ClinVar has an entry for this variant (Variation ID: 574387). Variants that disrupt the consensus splice web page are a relatively common cause of aberrant splicing (PMID: 17576681, 9536098). Algorithms designed to forecast the influence of sequence modifications on RNA splicing propose that this variant may possibly make or fortify a splice web page. In summary, the obtainable evidence is presently inadequate to ascertain the purpose of this variant in condition. As a result, it has been categorised for a Variant of Uncertain Importance.
This benefit is calculated by NCBI based upon knowledge from submitters. Go through our guidelines for calculating the review standing. The quantity of submissions which contribute to this review standing is shown in parentheses.
This date represents the final time this VCV file was up-to-date. The update may be as a consequence of an update to among the provided submitted data (SCVs), or due to an update that ClinVar produced for the variant for example incorporating HGVS expressions or simply a rs number.
This column includes more info supporting the classification, like citations, the comment on classification, and in-depth evidence delivered as observations with the variant through the submitter.
The issue for your classification, furnished by the submitter for this submitted (SCV) document. This column also features the impacted position and allele origin of people observed using this variant.
The mixture germline classification for this variant, ordinarily to get a monogenic or Mendelian condition as while in the ACMG/AMP pointers, or for reaction to the drug. This benefit is calculated by NCBI based on information from submitters. Study our principles for calculating the aggregate classification.
Read our procedures for calculating the evaluation position. This column also features a website link for the submitter’s assertion criteria if delivered, and the gathering approach.
The number of variants in ClinVar that are contained within just this gene, by using a website link to view the listing of variants.
These citations are discovered by LitVar using the rs variety, so They could thr777 include things like citations for more than one variant at this area. Be sure to assessment the LitVar effects cautiously in your variant of desire. Document past up to date May well 19, 2024
Aberrant 5' splice internet sites in human ailment genes: mutation pattern, nucleotide structure and comparison of computational tools that forecast their utilization.
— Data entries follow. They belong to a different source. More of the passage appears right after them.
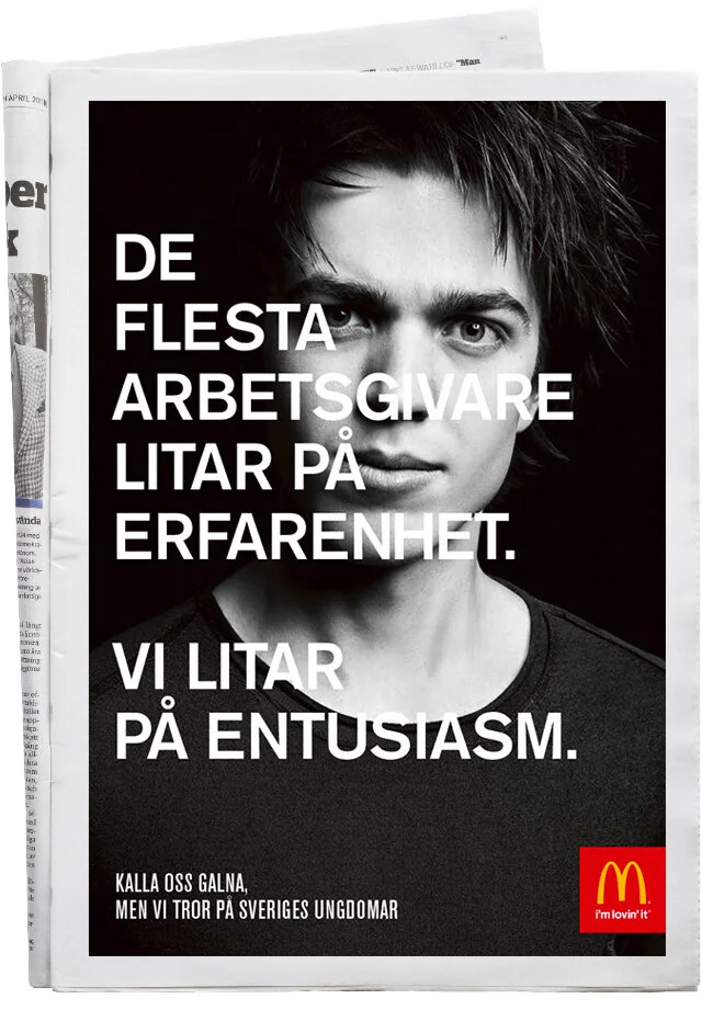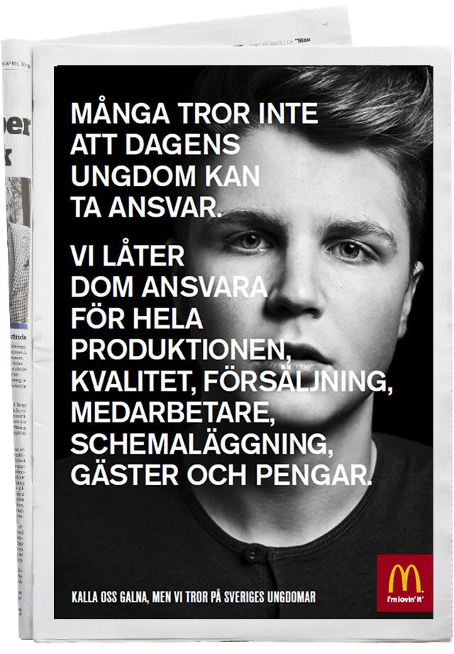 Vi ville ta allmänhetens missuppfattning att McDonald’s bara är ”ett gäng ungdomar” och vända det till en av våra största tillgångar. Genom att visa svenska ungdomars förmåga och vår tro på dem lyckades vi förändra synen på McDonald’s som arbetsgivare, både extern och internt.
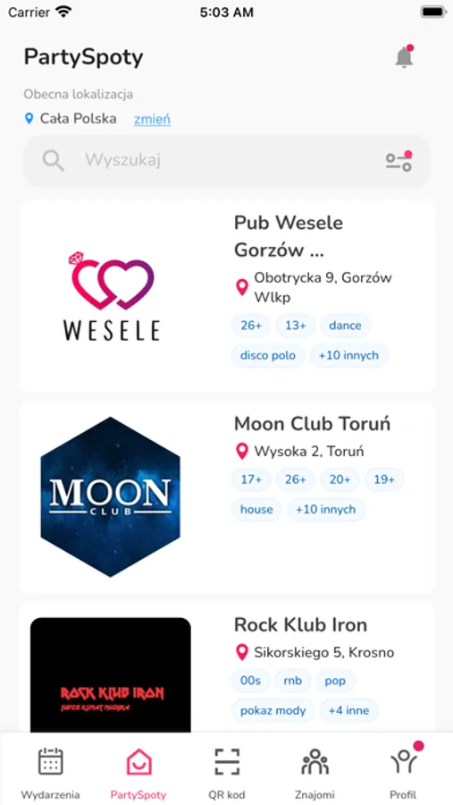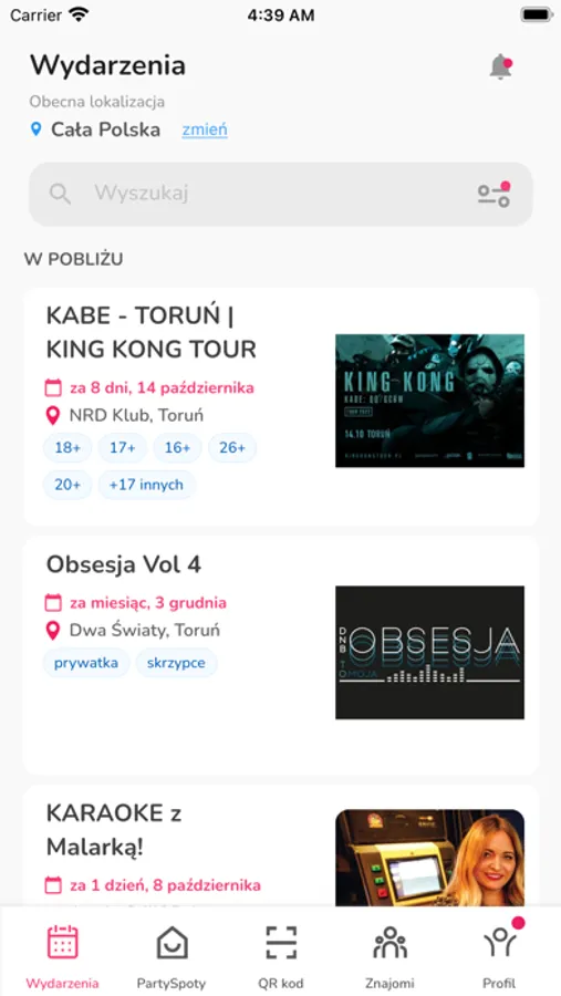 PartyFinder is an innovative, coherent concept that allows you to easily reach entertainment events in a selected location and discover new places on the map of the country.
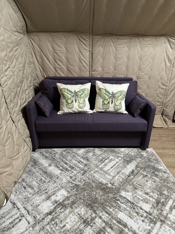В тенте также представлены: теплый пол, сплит-система, подогреваемая простынь, мини-холодильник, посуда, электрический чайник, фен, банные принадлежности, кровать 180 см, диван спальное место 160 см.
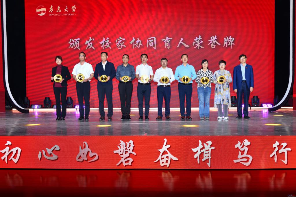 校黨委書記胡金焱為青島中仁健康產業集團有限公司等7家企業頒發“校企協同育人榮譽牌”,充分肯定企業勇擔社會責任,在構建校企人才共育格局上作出的貢獻。校長魏志強為9名獲獎學子的家長頒發“校家協同育人榮譽牌”,對家長與學校同心協力,密切配合,共育英才表示感謝。
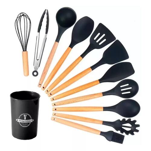 Jogo Utensílios De Cozinha 12 Peças Silicone Colher Concha
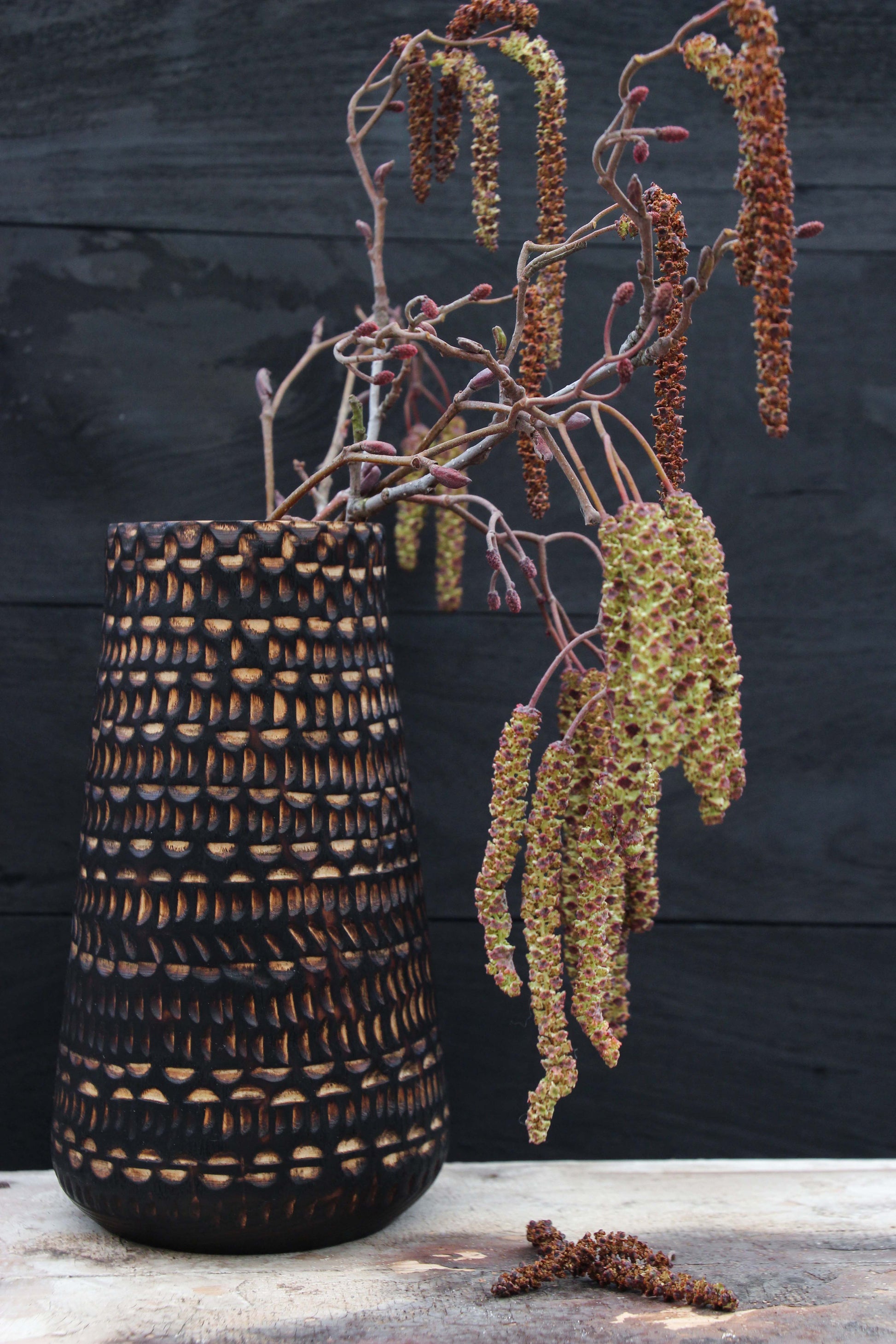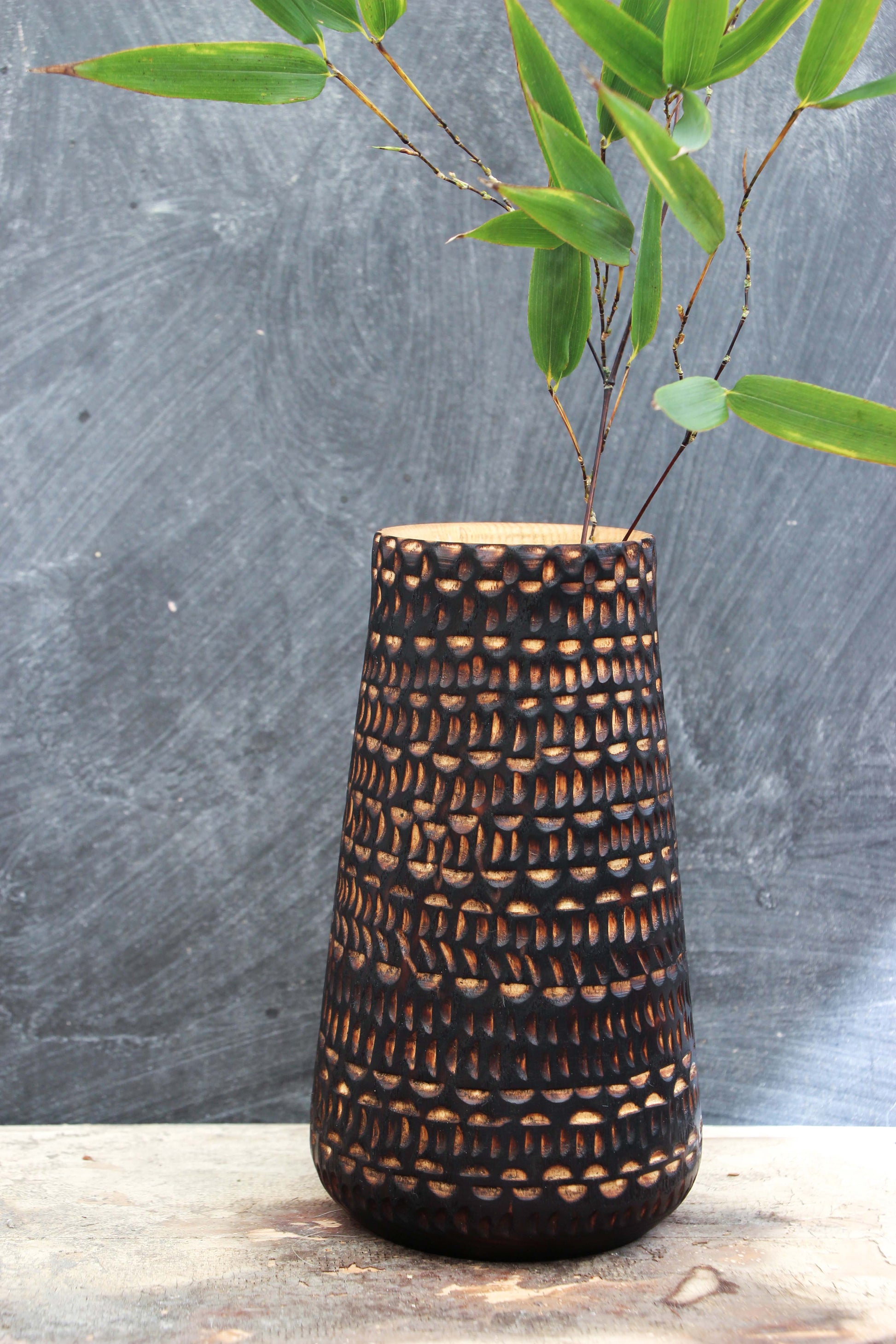 Decorative heavyweight vase in maple with etched surface texture, fire treated and finished with Danish oil.

Stars symbolize the combination overview position, or the level of evaluation supporting the combination germline classification for this VCV file.
The amount of variants in ClinVar for this gene, together with more compact variants within the gene and larger CNVs that overlap or absolutely have the gene.
The location is protected. The https:// ensures you are connecting into the Formal Web site and that any details you present is encrypted and transmitted securely.
Stars characterize the evaluate standing, or the level of overview supporting the submitted (SCV) report. This worth is calculated by NCBI determined by info from your submitter.